PROBLEM TO SOLVE:
As you reproduce every line below, keep it exactly as written and leave out the images.

DATASET EXCERPT:
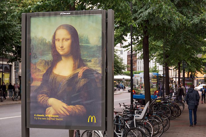 تبلیغات بازرگانی: مکدونالد با بخشیدن حال و هوای جشن به شاهکارهای هنری، مکان های عمومی را به موزه های رایگان برای همه مردم تبدیل کرده است.به منظور معرفی «Big Mac Bacon» این رستوران فست فود زنجیره ای، مکدونالد یک سری پوستر و تبلیغات چاپی را با استفاده از آثار هنری کلاسیک، برای مثال، مونا لیزا اثر لئوناردو داوینچی، پرتره وینسنت ونگوگ از خود و American Gothic» اثر گرانت وودز، با اندکی تغییر اضافی عرضه کرده است: همه آن ها با بیکن ارائه داده می شوند.علاوه بر تصاویر لذتبخش، برند همچنین اشاره هایی به بیکن را در آهنگ «Für Elise» (برای الیزه) بتهوون در رادیو جای داده است.کمپین خوشمزه فوق تلاش مشترکی میان آژانس تبلیغاتی NORD DDB استکهلم، آژانس روابط عمومی Prime و آژانس رسانه ای OMD محسوب می شود.مرضیه فروتنwww.designtaxi.com
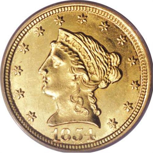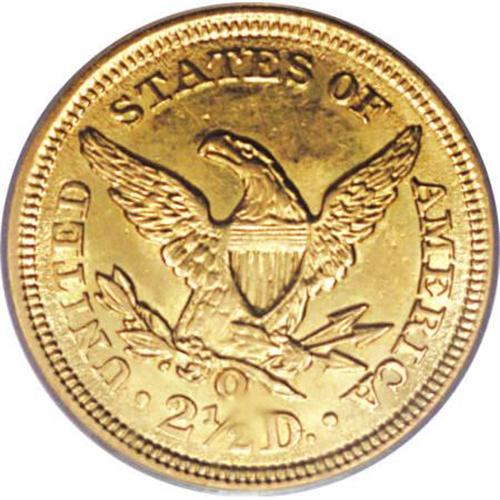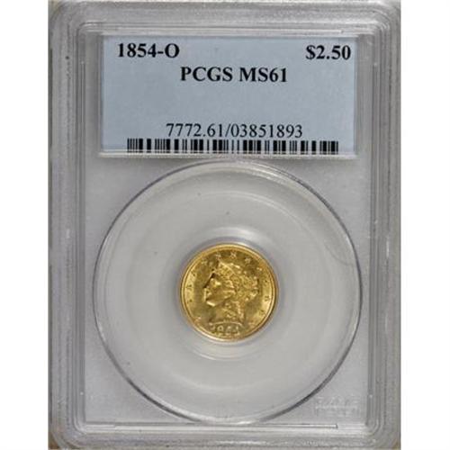 <B>1854-O $2 1/2 MS61 PCGS.</B></I> A pleasantly unabraded example with flashy fields and lustrous borders. Well struck aside from the centers, which show only minor weakness. The mintmark was deeply entered, and its relief is much greater than the denomination beneath it. Although XF and AU examples are relatively available, the 1854-O is rare in Mint State. Population: 4 in 61, 10 finer (6/07).<BR><BR><B>Coin Engraver:</B> Christian Gobrecht<BR><BR><b>Shipping:</b> Coins & Currency (<a target="_blank" href="http://www.heritageauctions.com/common/shipping.php">view shipping information</a>\)
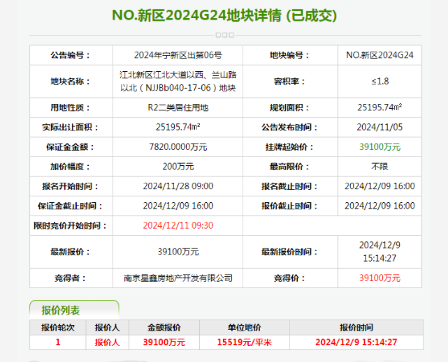 2024年12月11日,该地块被南京星鑫房地产开发有限公司拿下,成交总价3.91亿元,成交楼面价8621元/㎡。天眼查显示,南京星鑫房地产开发有限公司成立于2024年,控股股东为南京新居置地有限公司、江西省建工集团有限责任公司,分别控股51%、49%。

WRITTEN ANSWER:
 تبلیغات بازرگانی: مکدونالد با بخشیدن حال و هوای جشن به شاهکارهای هنری، مکان های عمومی را به موزه های رایگان برای همه مردم تبدیل کرده است.به منظور معرفی «Big Mac Bacon» این رستوران فست فود زنجیره ای، مکدونالد یک سری پوستر و تبلیغات چاپی را با استفاده از آثار هنری کلاسیک، برای مثال، مونا لیزا اثر لئوناردو داوینچی، پرتره وینسنت ونگوگ از خود و American Gothic» اثر گرانت وودز، با اندکی تغییر اضافی عرضه کرده است: همه آن ها با بیکن ارائه داده می شوند.علاوه بر تصاویر لذتبخش، برند همچنین اشاره هایی به بیکن را در آهنگ «Für Elise» (برای الیزه) بتهوون در رادیو جای داده است.کمپین خوشمزه فوق تلاش مشترکی میان آژانس تبلیغاتی NORD DDB استکهلم، آژانس روابط عمومی Prime و آژانس رسانه ای OMD محسوب می شود.مرضیه فروتنwww.designtaxi.com
 <B>1854-O $2 1/2 MS61 PCGS.</B></I> A pleasantly unabraded example with flashy fields and lustrous borders. Well struck aside from the centers, which show only minor weakness. The mintmark was deeply entered, and its relief is much greater than the denomination beneath it. Although XF and AU examples are relatively available, the 1854-O is rare in Mint State. Population: 4 in 61, 10 finer (6/07).<BR><BR><B>Coin Engraver:</B> Christian Gobrecht<BR><BR><b>Shipping:</b> Coins & Currency (<a target="_blank" href="http://www.heritageauctions.com/common/shipping.php">view shipping information</a>\)
 2024年12月11日,该地块被南京星鑫房地产开发有限公司拿下,成交总价3.91亿元,成交楼面价8621元/㎡。天眼查显示,南京星鑫房地产开发有限公司成立于2024年,控股股东为南京新居置地有限公司、江西省建工集团有限责任公司,分别控股51%、49%。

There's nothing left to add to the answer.